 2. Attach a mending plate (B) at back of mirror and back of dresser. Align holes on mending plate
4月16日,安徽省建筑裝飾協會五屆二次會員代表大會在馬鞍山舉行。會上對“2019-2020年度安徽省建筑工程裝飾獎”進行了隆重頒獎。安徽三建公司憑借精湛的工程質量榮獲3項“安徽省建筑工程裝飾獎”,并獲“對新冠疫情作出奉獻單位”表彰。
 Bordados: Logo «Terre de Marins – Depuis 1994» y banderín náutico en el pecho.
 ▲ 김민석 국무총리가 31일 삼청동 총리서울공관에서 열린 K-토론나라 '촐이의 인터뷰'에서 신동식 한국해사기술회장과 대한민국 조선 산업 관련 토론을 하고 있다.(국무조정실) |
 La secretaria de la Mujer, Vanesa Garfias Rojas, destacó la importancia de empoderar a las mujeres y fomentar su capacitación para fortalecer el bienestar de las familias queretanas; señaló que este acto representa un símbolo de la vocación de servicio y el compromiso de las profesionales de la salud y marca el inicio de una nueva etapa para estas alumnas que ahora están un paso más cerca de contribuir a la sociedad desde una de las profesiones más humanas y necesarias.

- - -

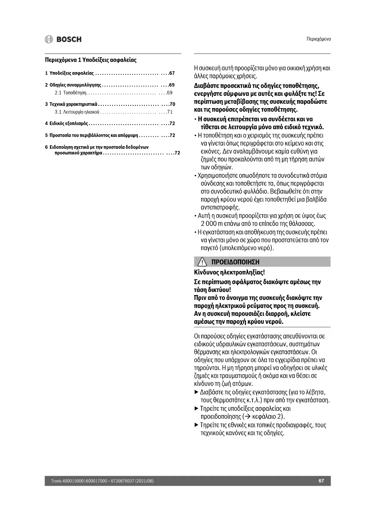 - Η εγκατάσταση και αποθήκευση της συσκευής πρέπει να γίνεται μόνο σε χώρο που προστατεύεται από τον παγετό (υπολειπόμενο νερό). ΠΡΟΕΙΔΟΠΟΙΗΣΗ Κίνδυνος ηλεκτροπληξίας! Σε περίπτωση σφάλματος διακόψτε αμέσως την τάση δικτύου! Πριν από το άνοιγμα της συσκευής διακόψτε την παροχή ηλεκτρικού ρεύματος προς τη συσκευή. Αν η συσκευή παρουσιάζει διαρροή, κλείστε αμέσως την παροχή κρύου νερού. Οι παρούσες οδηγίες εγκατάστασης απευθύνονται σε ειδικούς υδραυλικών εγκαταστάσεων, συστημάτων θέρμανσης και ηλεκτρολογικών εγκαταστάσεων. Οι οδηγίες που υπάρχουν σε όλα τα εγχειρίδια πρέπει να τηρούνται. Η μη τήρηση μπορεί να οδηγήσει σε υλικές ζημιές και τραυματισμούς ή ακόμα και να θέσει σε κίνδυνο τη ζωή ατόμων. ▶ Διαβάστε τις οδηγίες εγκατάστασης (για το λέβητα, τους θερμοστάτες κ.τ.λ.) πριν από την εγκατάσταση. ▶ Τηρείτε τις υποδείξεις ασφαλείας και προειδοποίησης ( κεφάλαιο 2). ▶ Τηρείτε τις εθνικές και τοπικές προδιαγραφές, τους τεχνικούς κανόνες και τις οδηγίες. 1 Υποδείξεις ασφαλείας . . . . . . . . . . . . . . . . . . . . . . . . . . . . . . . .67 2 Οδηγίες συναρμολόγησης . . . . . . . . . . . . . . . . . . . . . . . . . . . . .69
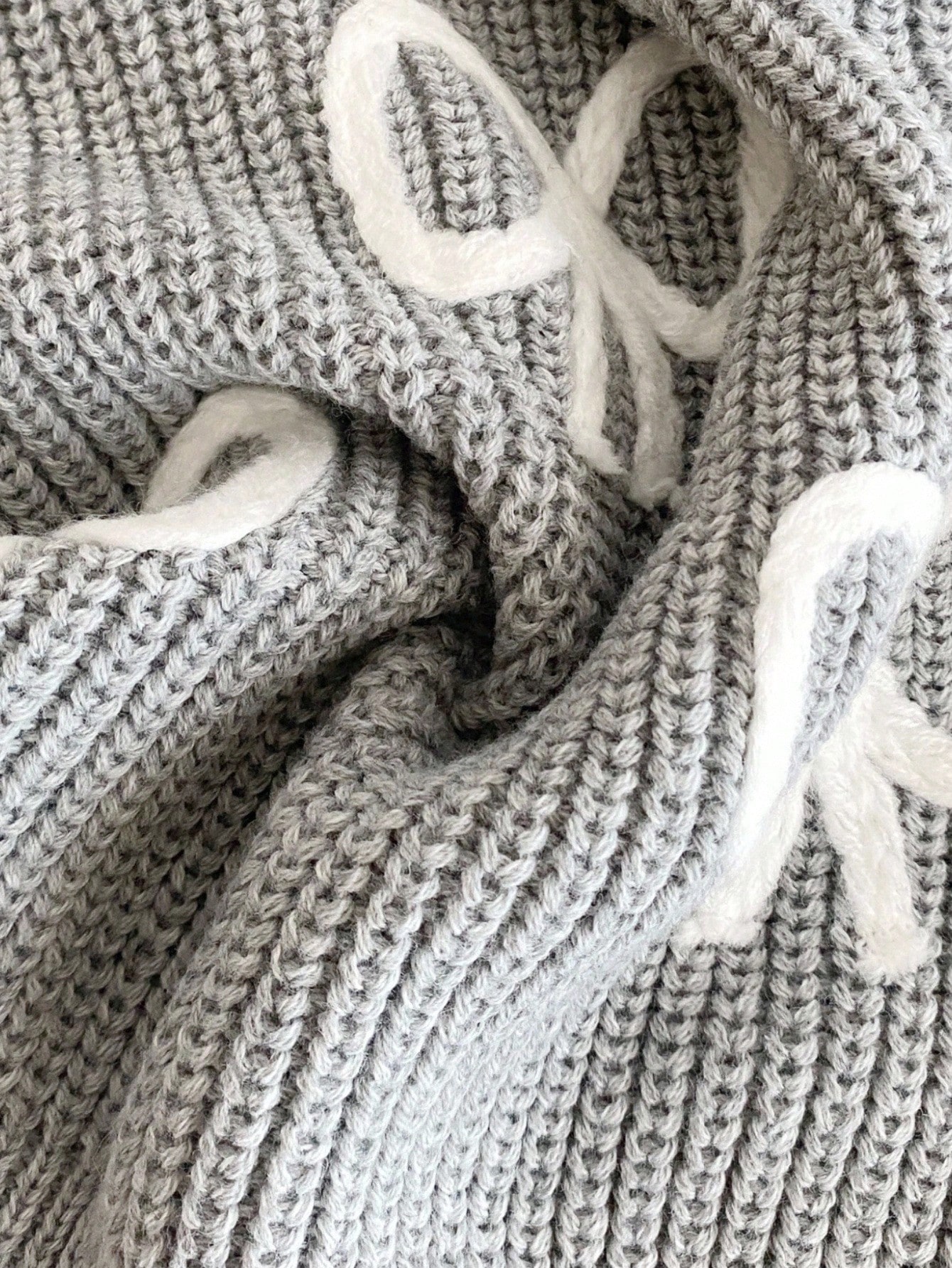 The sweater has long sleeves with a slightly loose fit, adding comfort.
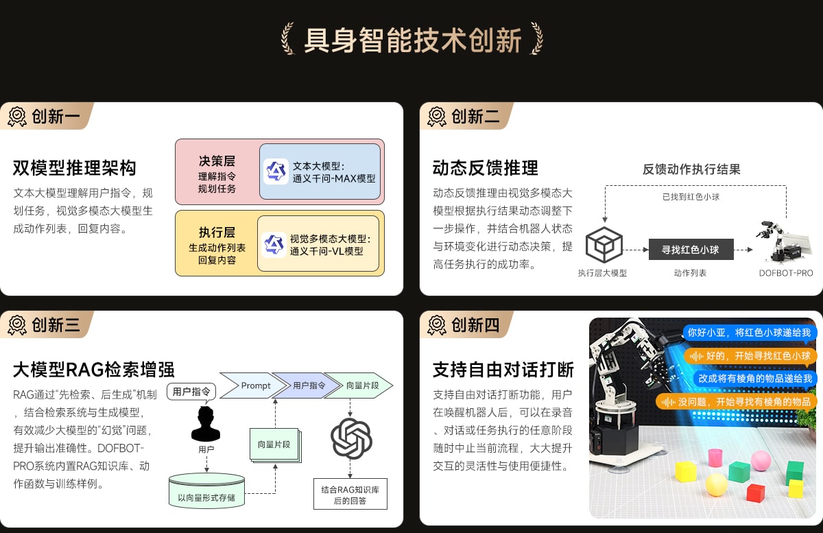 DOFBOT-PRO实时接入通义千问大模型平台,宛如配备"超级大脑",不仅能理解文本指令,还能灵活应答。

- - -

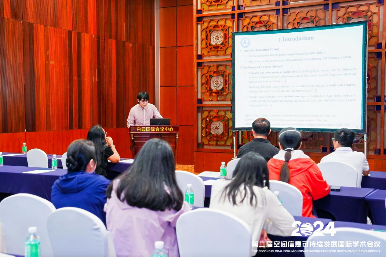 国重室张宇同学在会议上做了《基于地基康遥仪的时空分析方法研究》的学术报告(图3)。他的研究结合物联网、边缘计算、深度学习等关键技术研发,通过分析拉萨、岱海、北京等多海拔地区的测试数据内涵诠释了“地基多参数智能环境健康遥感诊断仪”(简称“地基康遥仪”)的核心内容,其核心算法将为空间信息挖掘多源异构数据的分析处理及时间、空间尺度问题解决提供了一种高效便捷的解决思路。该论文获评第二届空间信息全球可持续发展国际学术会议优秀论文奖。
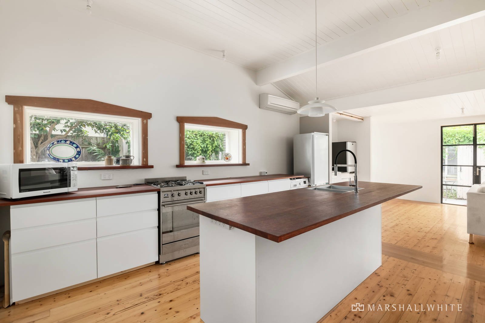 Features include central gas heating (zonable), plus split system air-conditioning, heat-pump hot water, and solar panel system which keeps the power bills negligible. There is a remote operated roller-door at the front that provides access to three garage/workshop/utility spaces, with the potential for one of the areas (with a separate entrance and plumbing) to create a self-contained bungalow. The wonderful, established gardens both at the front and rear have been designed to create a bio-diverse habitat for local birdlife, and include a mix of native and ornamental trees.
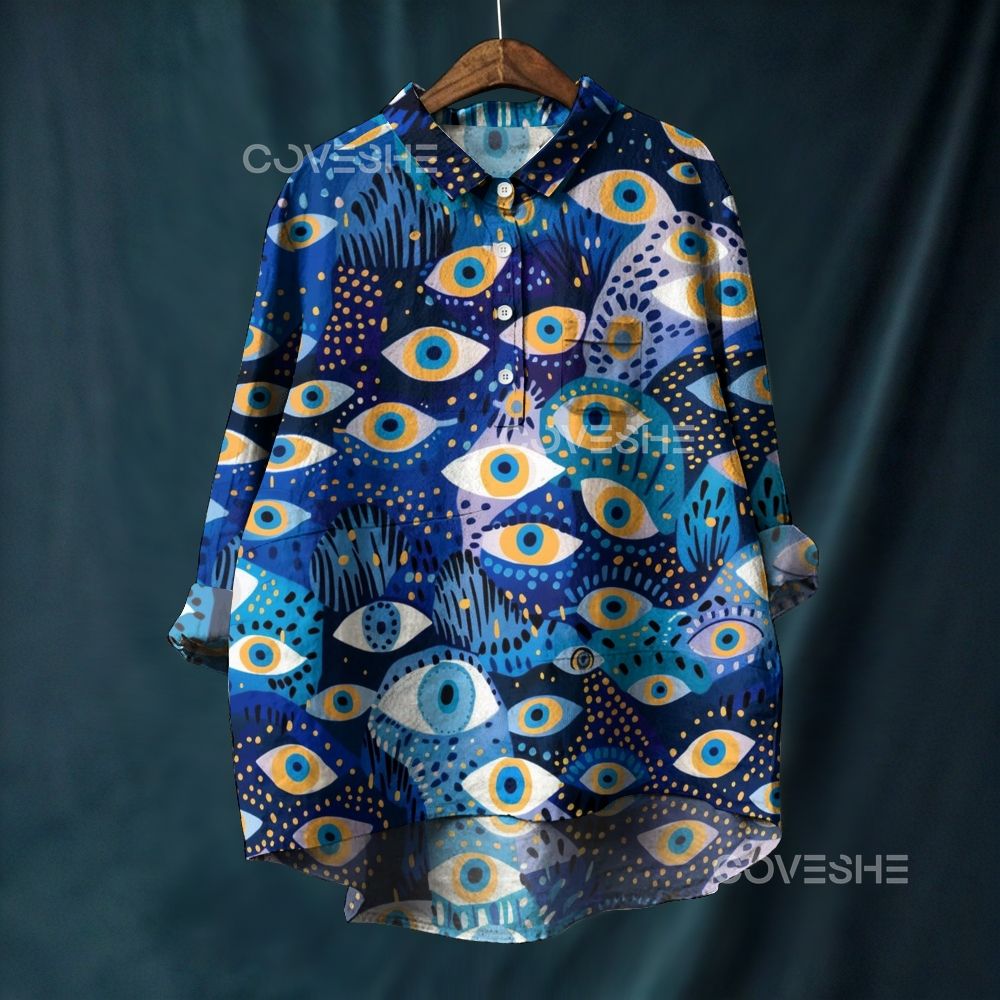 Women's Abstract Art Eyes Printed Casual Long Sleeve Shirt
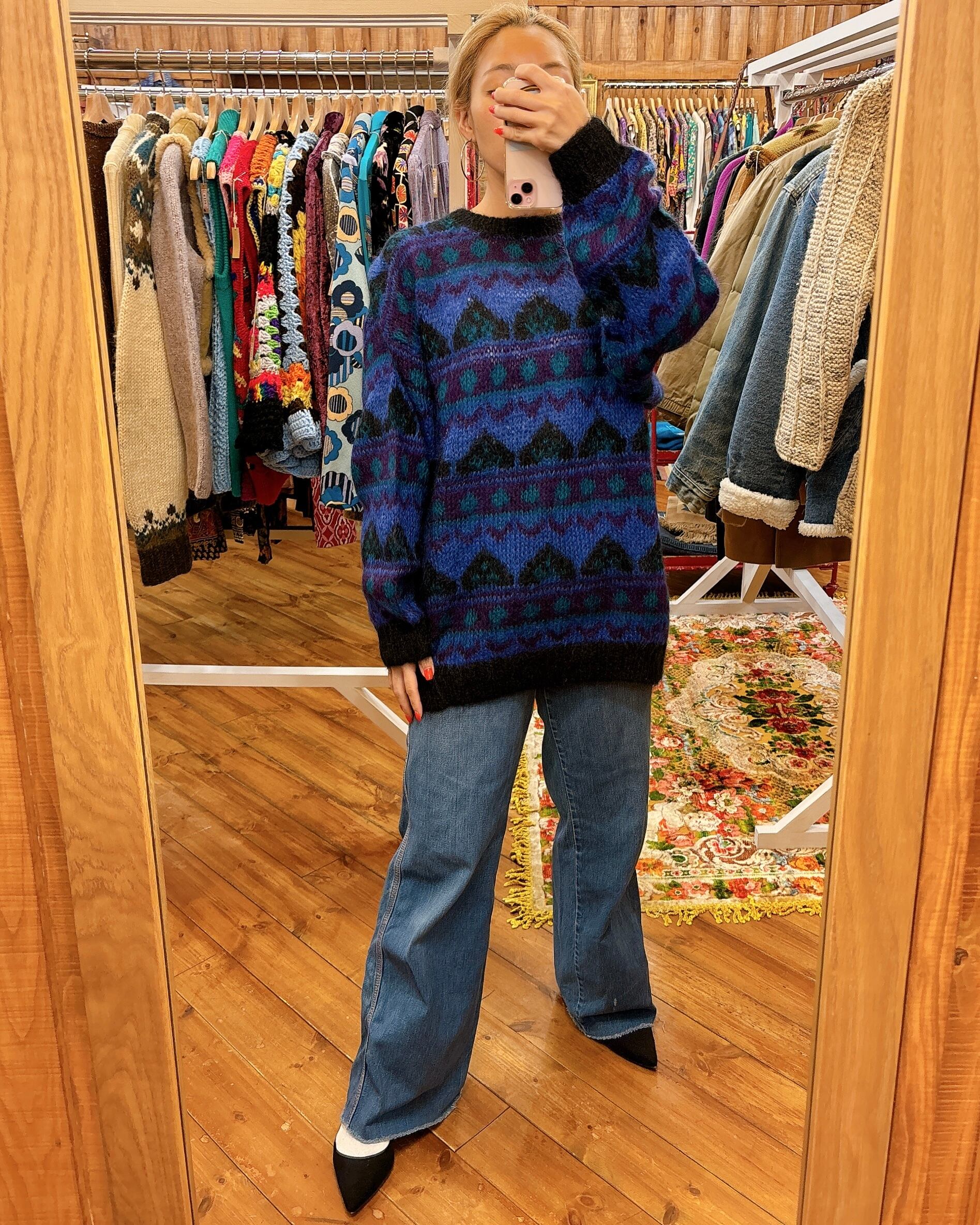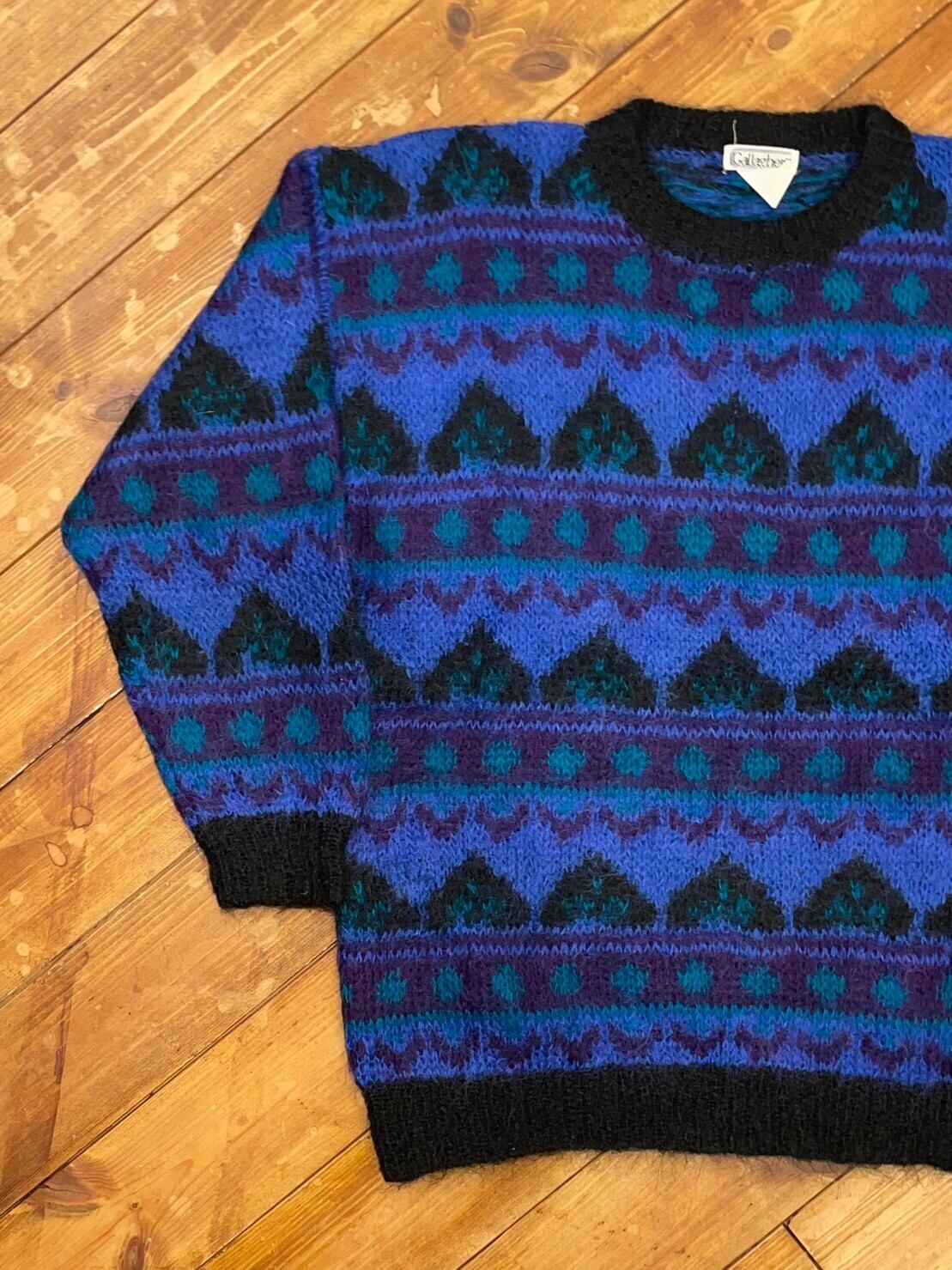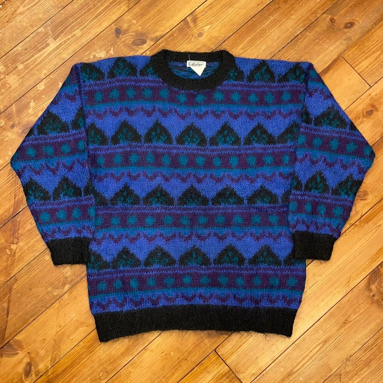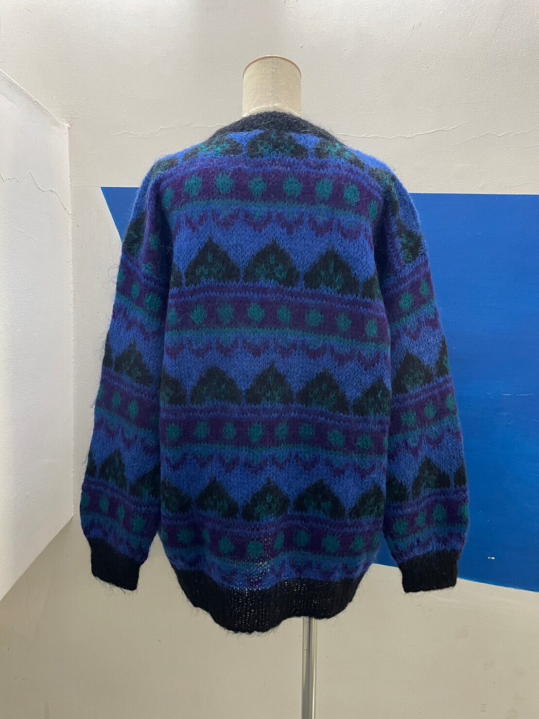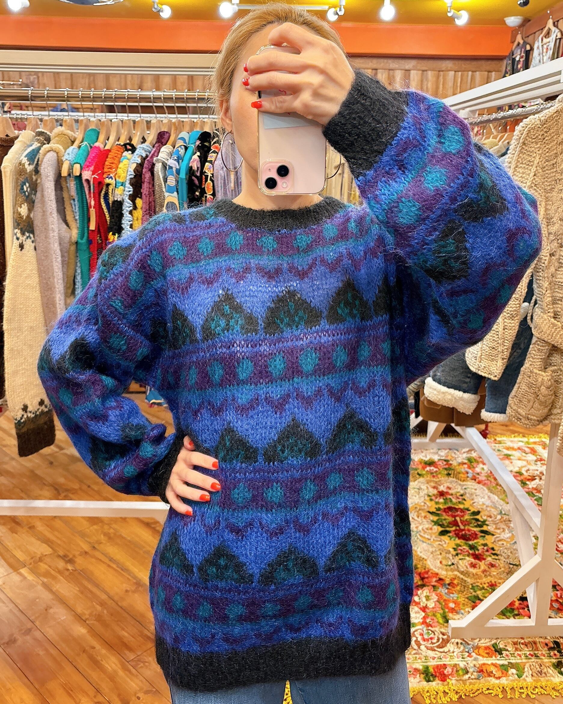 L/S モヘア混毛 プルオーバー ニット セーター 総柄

- - -

Of all the entries above, retype exactly the lines from the line with "2. Attach a" to the line with "하고 있다.(국무조정실) |", both included, and no others.

 2. Attach a mending plate (B) at back of mirror and back of dresser. Align holes on mending plate
4月16日,安徽省建筑裝飾協會五屆二次會員代表大會在馬鞍山舉行。會上對“2019-2020年度安徽省建筑工程裝飾獎”進行了隆重頒獎。安徽三建公司憑借精湛的工程質量榮獲3項“安徽省建筑工程裝飾獎”,并獲“對新冠疫情作出奉獻單位”表彰。
 Bordados: Logo «Terre de Marins – Depuis 1994» y banderín náutico en el pecho.
 ▲ 김민석 국무총리가 31일 삼청동 총리서울공관에서 열린 K-토론나라 '촐이의 인터뷰'에서 신동식 한국해사기술회장과 대한민국 조선 산업 관련 토론을 하고 있다.(국무조정실) |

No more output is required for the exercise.